*** GIVEN DATA Section Begins ***

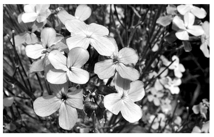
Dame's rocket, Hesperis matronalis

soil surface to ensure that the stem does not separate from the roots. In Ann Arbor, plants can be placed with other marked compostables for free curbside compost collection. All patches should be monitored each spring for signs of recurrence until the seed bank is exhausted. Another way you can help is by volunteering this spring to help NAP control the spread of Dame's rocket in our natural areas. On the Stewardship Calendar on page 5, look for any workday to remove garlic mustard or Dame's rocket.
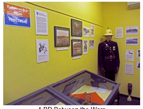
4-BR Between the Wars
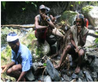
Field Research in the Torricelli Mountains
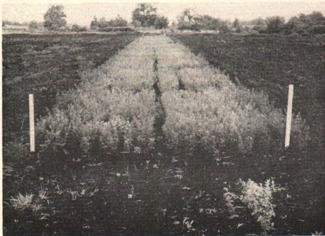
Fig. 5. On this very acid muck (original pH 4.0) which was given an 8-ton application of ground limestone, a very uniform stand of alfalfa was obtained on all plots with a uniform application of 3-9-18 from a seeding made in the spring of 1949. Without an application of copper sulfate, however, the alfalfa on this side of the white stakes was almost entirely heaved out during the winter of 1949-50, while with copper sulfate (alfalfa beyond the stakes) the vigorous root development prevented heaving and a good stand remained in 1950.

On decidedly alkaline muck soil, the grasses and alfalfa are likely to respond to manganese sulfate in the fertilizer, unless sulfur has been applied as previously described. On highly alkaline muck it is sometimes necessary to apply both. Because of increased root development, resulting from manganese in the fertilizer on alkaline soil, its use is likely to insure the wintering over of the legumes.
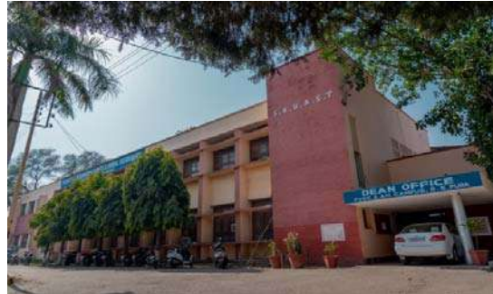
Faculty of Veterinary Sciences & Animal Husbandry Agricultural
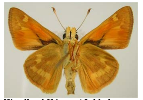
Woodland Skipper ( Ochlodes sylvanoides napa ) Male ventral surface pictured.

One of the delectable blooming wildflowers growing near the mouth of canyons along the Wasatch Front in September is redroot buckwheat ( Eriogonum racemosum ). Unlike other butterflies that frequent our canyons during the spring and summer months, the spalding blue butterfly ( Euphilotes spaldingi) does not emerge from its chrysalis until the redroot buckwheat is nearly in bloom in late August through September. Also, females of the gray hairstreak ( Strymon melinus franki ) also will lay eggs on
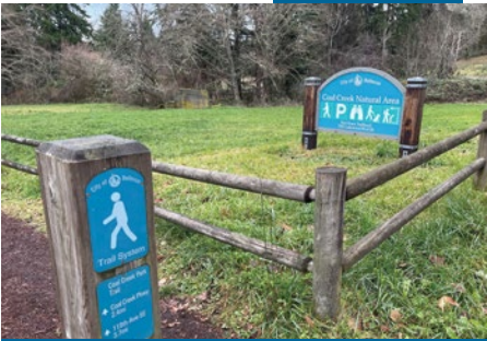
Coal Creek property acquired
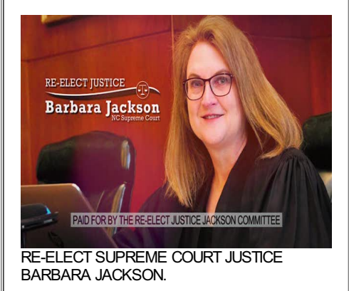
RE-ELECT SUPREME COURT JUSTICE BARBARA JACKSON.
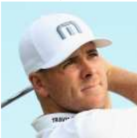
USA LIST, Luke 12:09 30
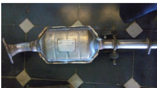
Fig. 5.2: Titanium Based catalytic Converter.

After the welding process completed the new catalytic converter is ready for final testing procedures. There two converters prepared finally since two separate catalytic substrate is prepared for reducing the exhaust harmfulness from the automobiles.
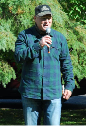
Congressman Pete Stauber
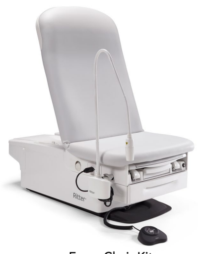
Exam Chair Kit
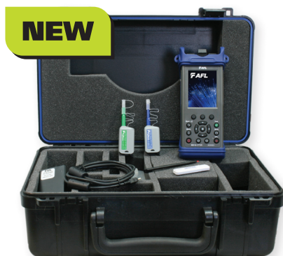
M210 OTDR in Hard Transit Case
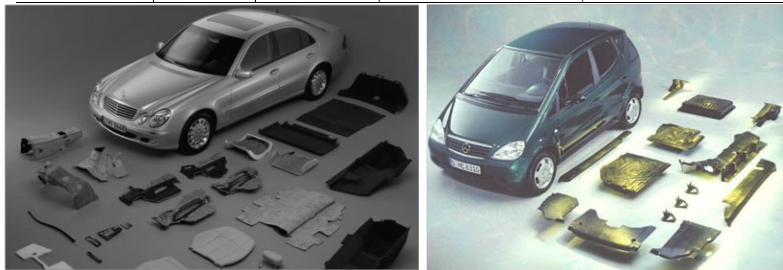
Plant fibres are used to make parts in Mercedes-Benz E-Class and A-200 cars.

*** GIVEN DATA Section Ends ***

◆ EXERCISE REQUIREMENTS
What is needed is an exact copy of all the records, minus any pictures.

◆ ANSWER BELOW
Dame's rocket, Hesperis matronalis

soil surface to ensure that the stem does not separate from the roots. In Ann Arbor, plants can be placed with other marked compostables for free curbside compost collection. All patches should be monitored each spring for signs of recurrence until the seed bank is exhausted. Another way you can help is by volunteering this spring to help NAP control the spread of Dame's rocket in our natural areas. On the Stewardship Calendar on page 5, look for any workday to remove garlic mustard or Dame's rocket.
4-BR Between the Wars
Field Research in the Torricelli Mountains
Fig. 5. On this very acid muck (original pH 4.0) which was given an 8-ton application of ground limestone, a very uniform stand of alfalfa was obtained on all plots with a uniform application of 3-9-18 from a seeding made in the spring of 1949. Without an application of copper sulfate, however, the alfalfa on this side of the white stakes was almost entirely heaved out during the winter of 1949-50, while with copper sulfate (alfalfa beyond the stakes) the vigorous root development prevented heaving and a good stand remained in 1950.

On decidedly alkaline muck soil, the grasses and alfalfa are likely to respond to manganese sulfate in the fertilizer, unless sulfur has been applied as previously described. On highly alkaline muck it is sometimes necessary to apply both. Because of increased root development, resulting from manganese in the fertilizer on alkaline soil, its use is likely to insure the wintering over of the legumes.
Faculty of Veterinary Sciences & Animal Husbandry Agricultural
Woodland Skipper ( Ochlodes sylvanoides napa ) Male ventral surface pictured.

One of the delectable blooming wildflowers growing near the mouth of canyons along the Wasatch Front in September is redroot buckwheat ( Eriogonum racemosum ). Unlike other butterflies that frequent our canyons during the spring and summer months, the spalding blue butterfly ( Euphilotes spaldingi) does not emerge from its chrysalis until the redroot buckwheat is nearly in bloom in late August through September. Also, females of the gray hairstreak ( Strymon melinus franki ) also will lay eggs on
Coal Creek property acquired
RE-ELECT SUPREME COURT JUSTICE BARBARA JACKSON.
USA LIST, Luke 12:09 30
Fig. 5.2: Titanium Based catalytic Converter.

After the welding process completed the new catalytic converter is ready for final testing procedures. There two converters prepared finally since two separate catalytic substrate is prepared for reducing the exhaust harmfulness from the automobiles.
Congressman Pete Stauber
Exam Chair Kit
M210 OTDR in Hard Transit Case
Plant fibres are used to make parts in Mercedes-Benz E-Class and A-200 cars.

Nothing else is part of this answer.